I was going to say something badass and cool but . . .
Take the people I love somewhere. Take Maggie. Somewhere safe. Somewhere without mad Queens or insane Sidhe. And just get out of this entire thankless, painful, hideous business. Wizarding just isn't what it used to be. Not so many years ago, I'd think it was a busy week if someone asked me to locate a lost dog or a wedding ring. It had been horribly boring. I'd had lots and lots of free time. I hadn't been rich, but I'd gotten to buy plenty of books to read, and I'd never gone hungry. And no one had tried to kill me, or asked me to make a horrible choice. Not once.
You never know what you have until it's gone.
Peace and quiet and people I love. Isn't that what everyone wants?
Ah, hell.
The Outsider probably wasn't good for it anyway.
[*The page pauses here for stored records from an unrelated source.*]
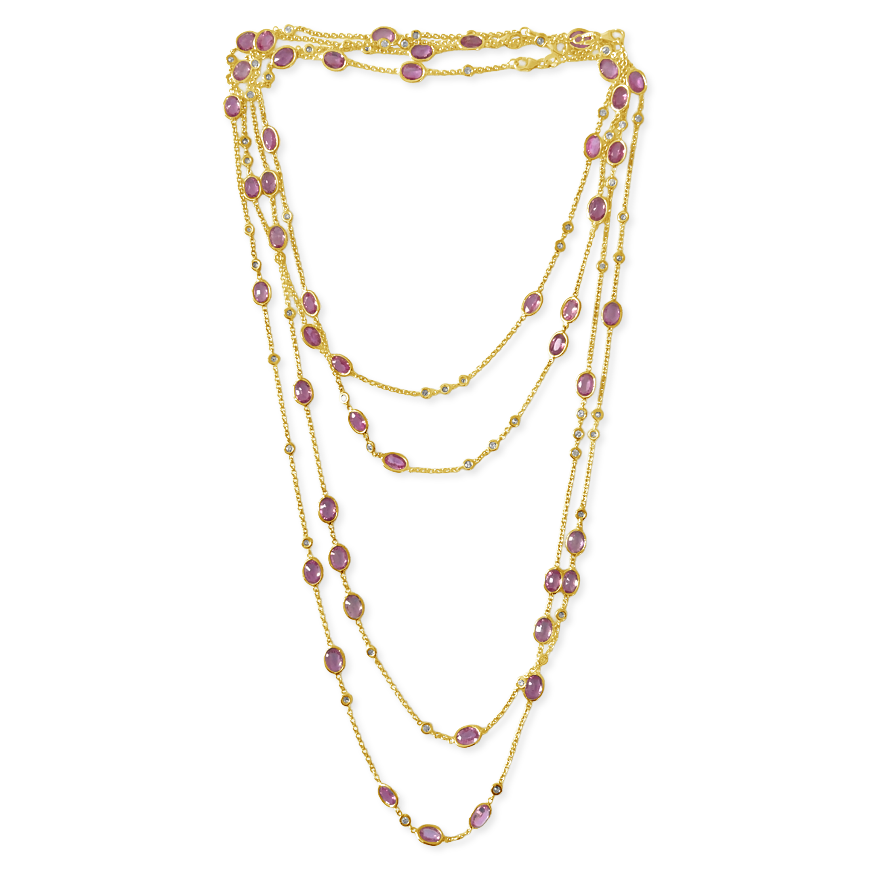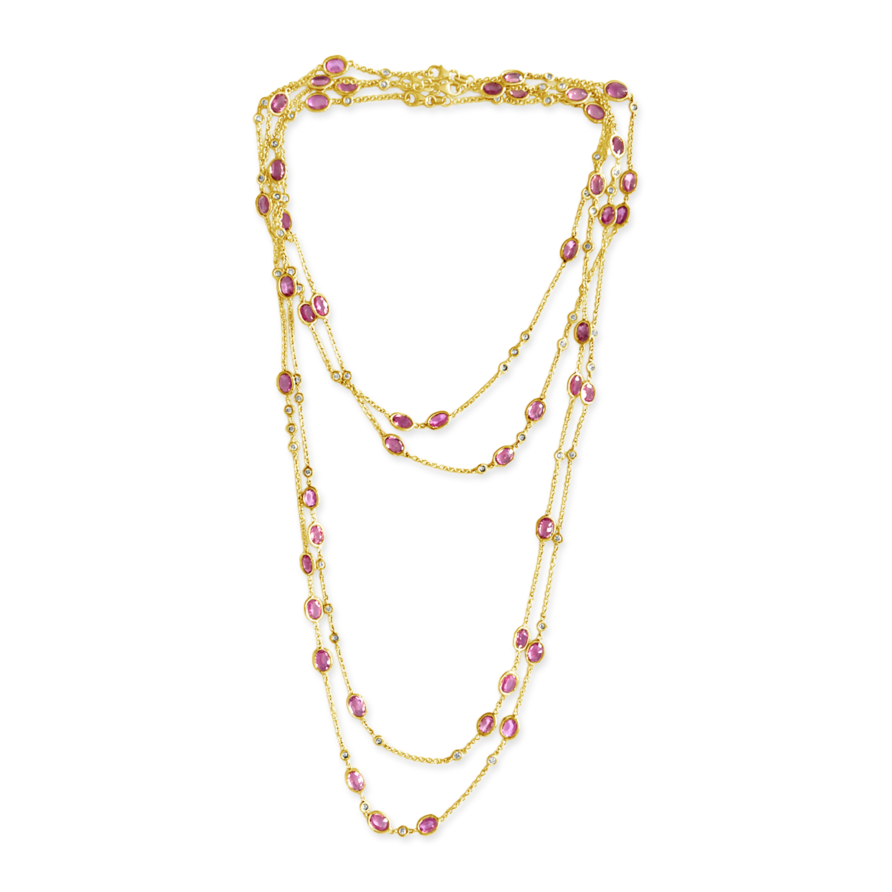 Oval pink sapphires bezel set in 18k yellow gold in this necklace.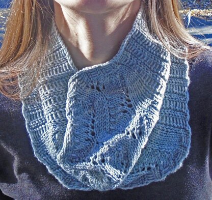 A viney lace motif and slipped stitches work together to create this pretty cowl. It can be knit with DK weight yarn for a lighter, more delicate piece, or worsted weight yarn for a larger cowl with an extra serving of cozy. This cowl is tapered to sit well on your shoulders. This is a very straightforward pattern and is a rewarding way to practice and improve your lace knitting skills.
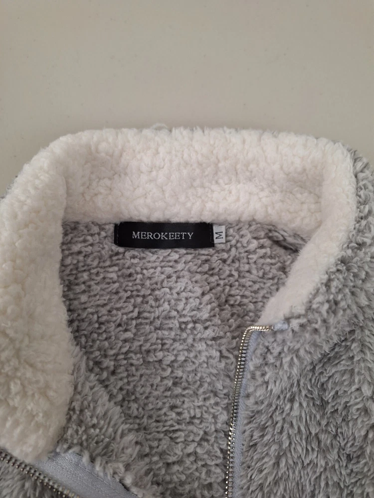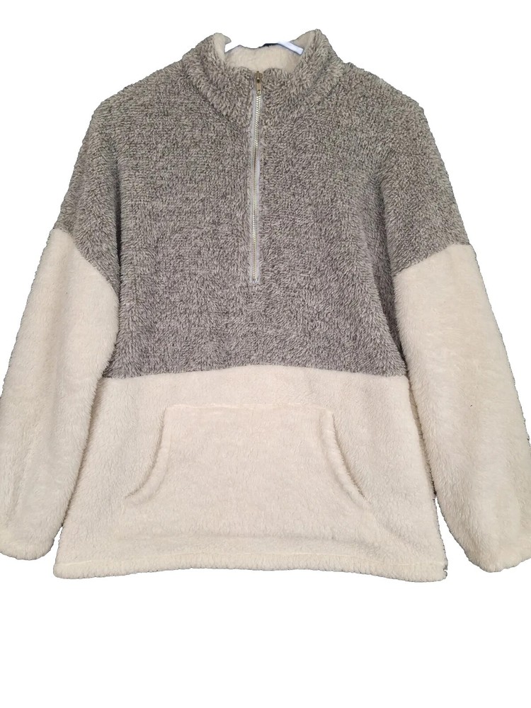 Elevate your comfort game with this Merokeety Fluffy Cozy Pullover. This pullover is designed with a mock neck, long sleeves, and a pullover closure providing a stylish yet casual look. The super soft sweatshirt, made of polyester and fleece, is perfect for any occasion, whether you're traveling, doing activewear, or just lounging at home. The gray colorblock pattern and 1/4 zip feature add an extra touch of style to this comfy and cozy pullover. It is available in regular fit and size type for women, size medium, and is perfect for a comfy and stylish outfit.

And I did have one more option.
I had been warned not to use the power of the Well. But . . .
What else did I have?
I might have done something extra stupid at that moment if the air hadn't suddenly filled with a massive sound. Two loud, horrible crunching sounds, followed by a single, short, sharp clap of thunder. It repeated the sequence, again and again. Crunch, crunch, crack. Crunch, crunch, crack.
No, wait. I knew this song.
It was more like: stomp, stomp, clap. Stomp, stomp, clap.
What else did I have?
I had friends.
I looked up at Sharkface, who was scanning the lake's surface, an odd expression twisting his unsettling face.
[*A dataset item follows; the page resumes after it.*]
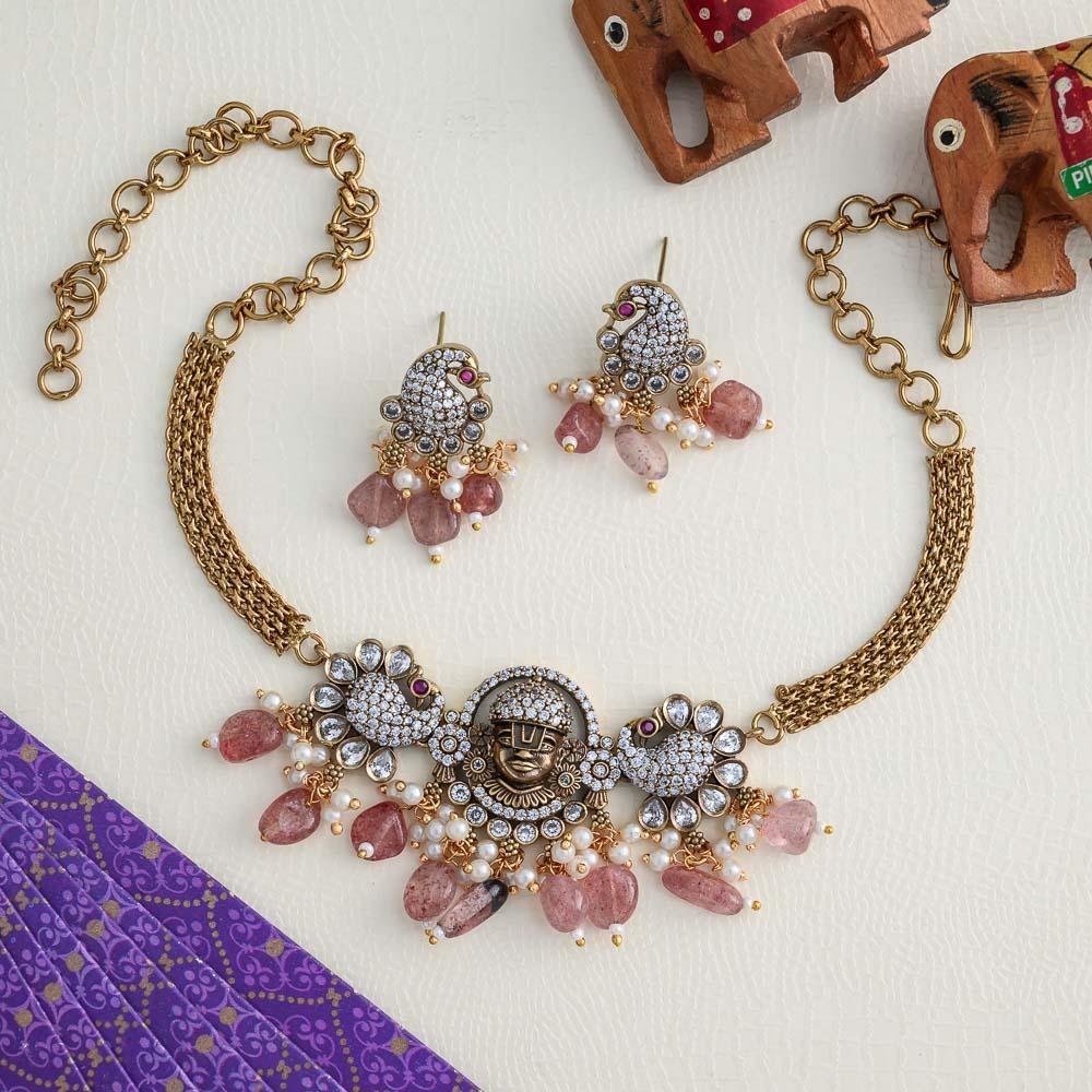 antique black gold finished tirumal namam victorian heavy stone worked peacock designed chic choker set

I smiled widely and said, "You didn't see this coming, didja?"
STOMP, STOMP, CLAP!
STOMP, STOMP, CLAP!
This was somebody's mix version of the song, because it went straight to the chorus of voices, pure, human voices, loud enough to shake the ground-and I lifted my arms and sang along with them.
"Singin' we will, we will rock you!"
The Halloween sky exploded with strobes of scarlet and blue light, laser streaks of white and viridian flickering everywhere, forming random, flickering impressions of objects and faces, filling the sky with light that pulsed in time with the music.
And as it did, the Water Beetle, the entire goddamned ship, exploded out from under a veil that had rendered it and the water it had displaced and every noise it had made undetectable not only to me, but to a small army of otherworldly monstrosities and their big, bad Walker general, too.
The Walker let out another furious shriek, his hideous features twisted even more by the frenetic explosion of light in the sky, and that was all he had time to do-the Water Beetle slammed into the last barge at full speed.
The mass differential between the two ships was significant-but this was different from when the barge had hit my iceberg. For one thing, it was almost entirely still, having only barely begun to pick up speed again. For another, the Water Beetle didn't hit it head-on. Instead, it struck the barge from the side, and right up by its nose. With less than ten yards to spare before the barge's prow ground up onto Demonreach's shore, the Water Beetle brutally slammed her nose away from contacting the power of the outgoing ley line.
I couldn't hear the collision over the thunder of Queen's greatest hit, but it flung objects all over both ships around with the impact-more so on the Beetle than on the barge. The barge wallowed, stunned, its nose turned away from the beach, its long side being presented to the island, while the Water Beetle rebounded violently, drunkenly, and crunched up onto her hull in the shallows, listing badly to one side.